One of the most common questions surrounding alcohol abuse is whether or not it has anything to do with depression. It is a well-known fact that drug abuse tends to have an effect on a person’s state of mind. It is entirely possible for a substance use disorder such as alcohol dependence to lead to a mental illness such as depression.

But it is important to take a look at the exact relationship between these two disorders. How are they connected? Do they really cause one another? If you or someone you love is struggling with depression or alcohol abuse, you may want the answer to these questions.

Here we will be talking about depression, the different types of depressive disorders, and how alcohol ties into them. Let’s take a closer look.


Is Alcohol Use Disorder Tied to Depression?

Alcohol use disorder (AUD) and depression are often interconnected and have the potential to influence each other in complex ways. Before we get into detail about this, it is important to note that AUD and depression are distinct conditions. However, they do co-occur very often. When they do, they tend to exacerbate each other’s symptoms.
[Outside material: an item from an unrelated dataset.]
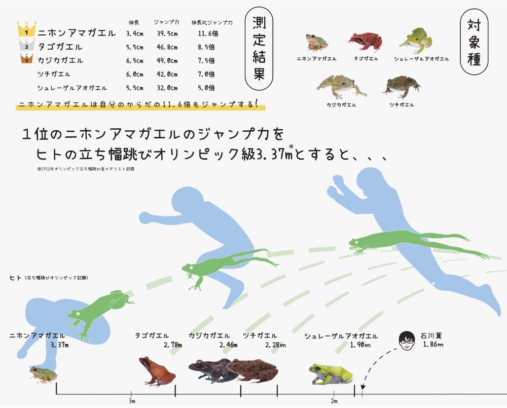今回は、展示する5種類のカエルのジャンプ力を飼育スタッフの石川が検証した測定記録を壁面に展示します。カエルの種類によって異なるジャンプ記録をぜひご覧ください。

Research has previously shown that there is a bidirectional relationship between depressive disorders and alcohol use disorders, meaning both can exist together, worsen each other’s symptoms, and increase the risk for the other disorder.

Individuals with depression may be more vulnerable to developing alcohol use disorder. Some people with depression turn to alcohol as a means of self-medication, hoping it will alleviate their symptoms temporarily. It goes without saying this is not a good idea since alcohol is a depressant and can worsen depressive symptoms in the long run.

Drinking alcohol affects the brain’s chemistry, disrupting the balance of neurotransmitters such as serotonin and dopamine, which play a crucial role in regulating mood and emotions. This can contribute to the development of depressive symptoms.

Additionally, people with alcohol use disorder often experience withdrawal symptoms when they try to quit or reduce their alcohol consumption. Common withdrawal symptoms include anxiety, irritability, and mood swings, which can worsen the existing symptoms of depression. This can also make it more difficult to differentiate between the effects of alcohol withdrawal and depression.

The consequences of excessive drinking can impact many different aspects of a person’s life. It can lead to relationship problems, work or academic difficulties, financial troubles, and legal issues. These problems can contribute to feelings of hopelessness, guilt, and low self-esteem, which are common in depression.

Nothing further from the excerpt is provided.